Exercise instructions:
Can you print the data exactly and leave out each image?

Data block:

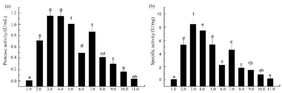 When SVCEs were extracted under extreme acidic or alkaline pH conditions, such as pH 1.0 and pH 10.0, the protease activity of SVCEs, as well as their specific activity, was much lower compared to other groups of pH ranges. The largest protease activities of SVCEs were detected for the group with extraction pH ranges of 3.0–4.0 (Figure 2a). Furthermore, the SVCEs obtained at pH 3.0, designated as SVCE3, showed the highest specific activity, i.e., 8.21 U/mg (Figure 2b).
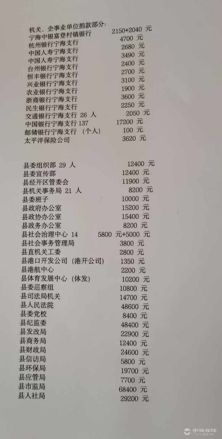 2023年宁海慈善一日捐(机关/企事业部分)
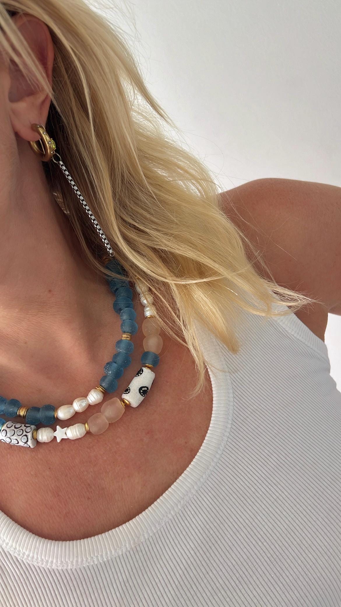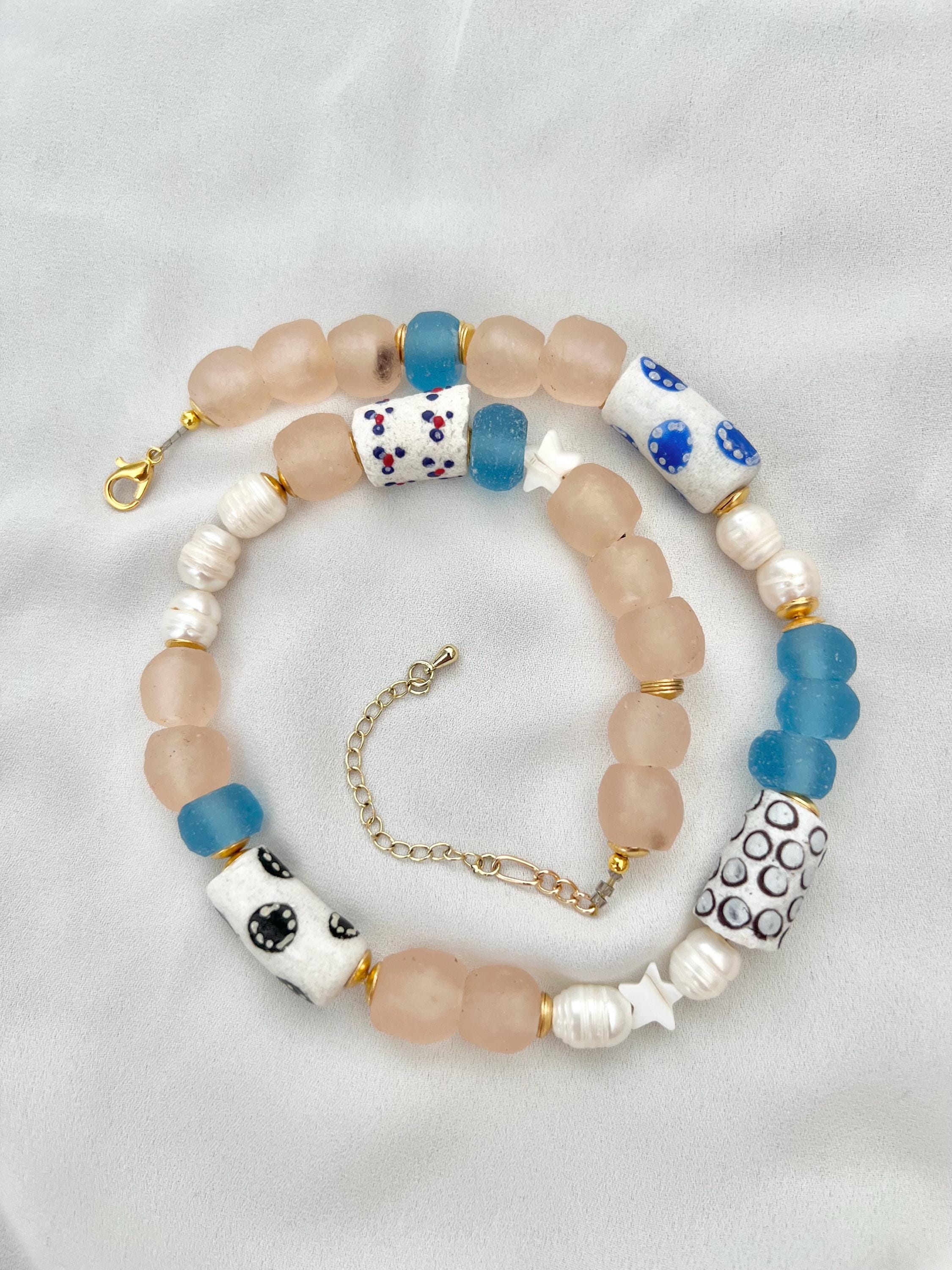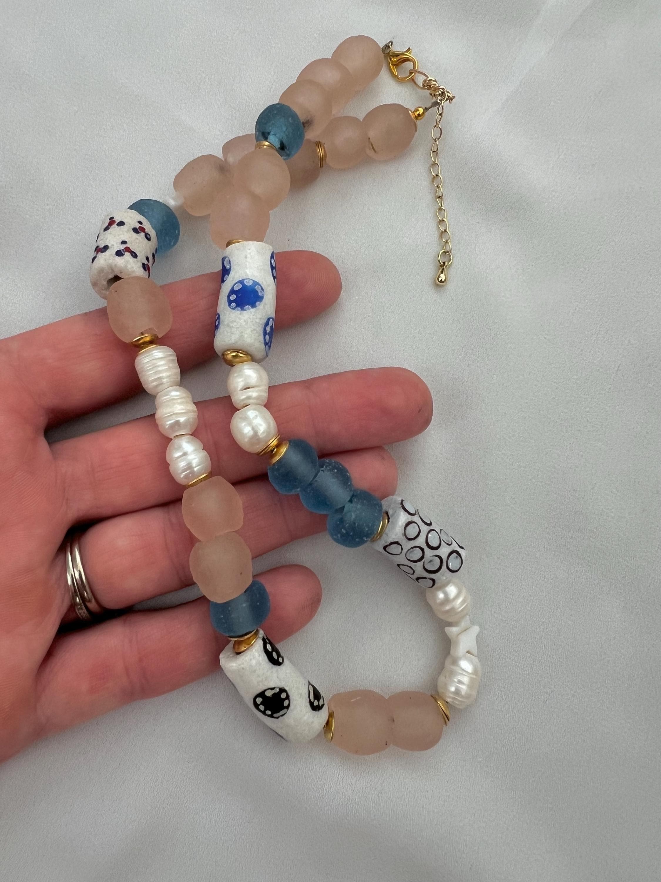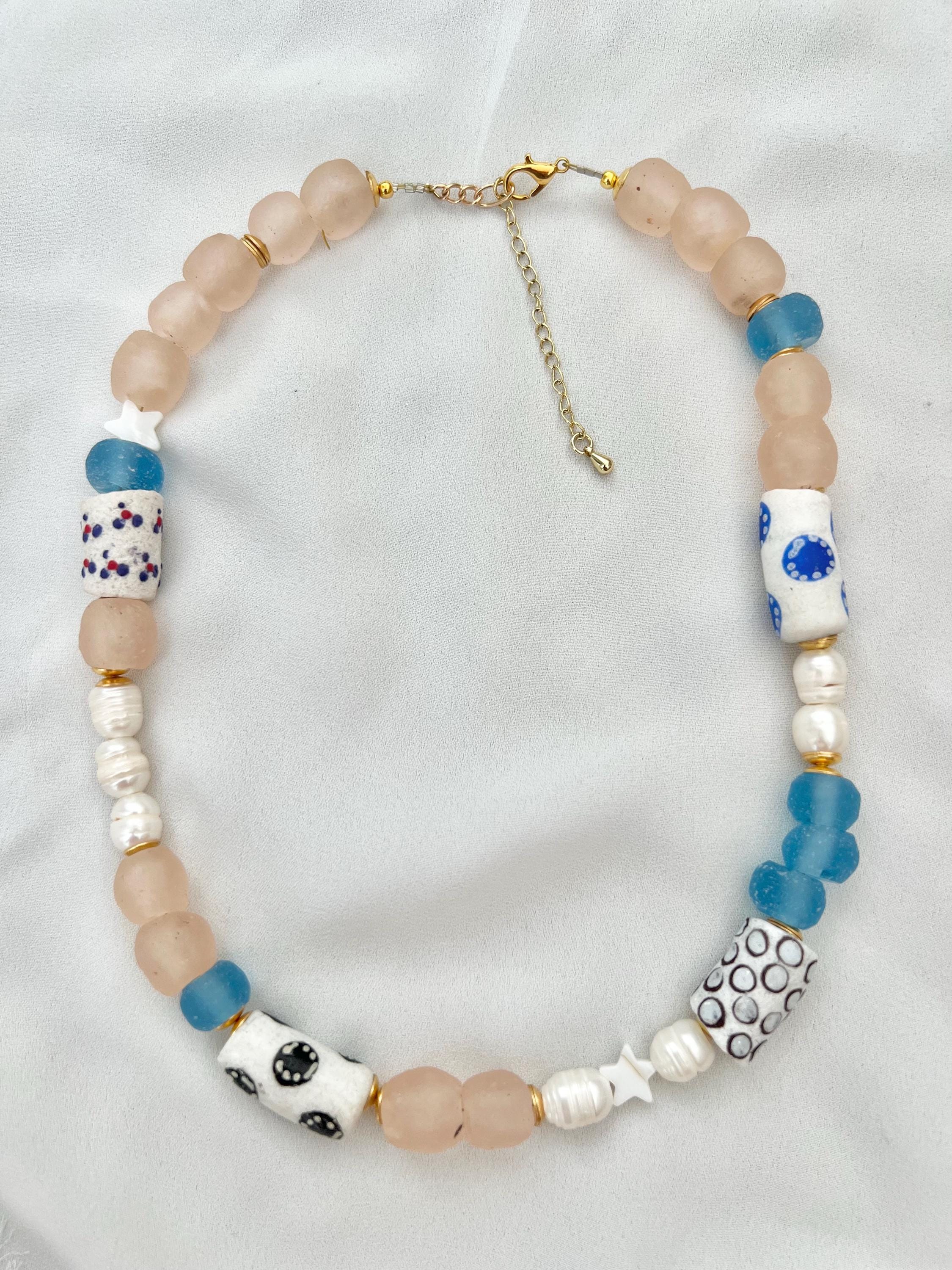 Recycled patterned tribal blue African glass bead Freshwater pearl gold necklace

Output for this exercise:
 When SVCEs were extracted under extreme acidic or alkaline pH conditions, such as pH 1.0 and pH 10.0, the protease activity of SVCEs, as well as their specific activity, was much lower compared to other groups of pH ranges. The largest protease activities of SVCEs were detected for the group with extraction pH ranges of 3.0–4.0 (Figure 2a). Furthermore, the SVCEs obtained at pH 3.0, designated as SVCE3, showed the highest specific activity, i.e., 8.21 U/mg (Figure 2b).
 2023年宁海慈善一日捐(机关/企事业部分)
 Recycled patterned tribal blue African glass bead Freshwater pearl gold necklace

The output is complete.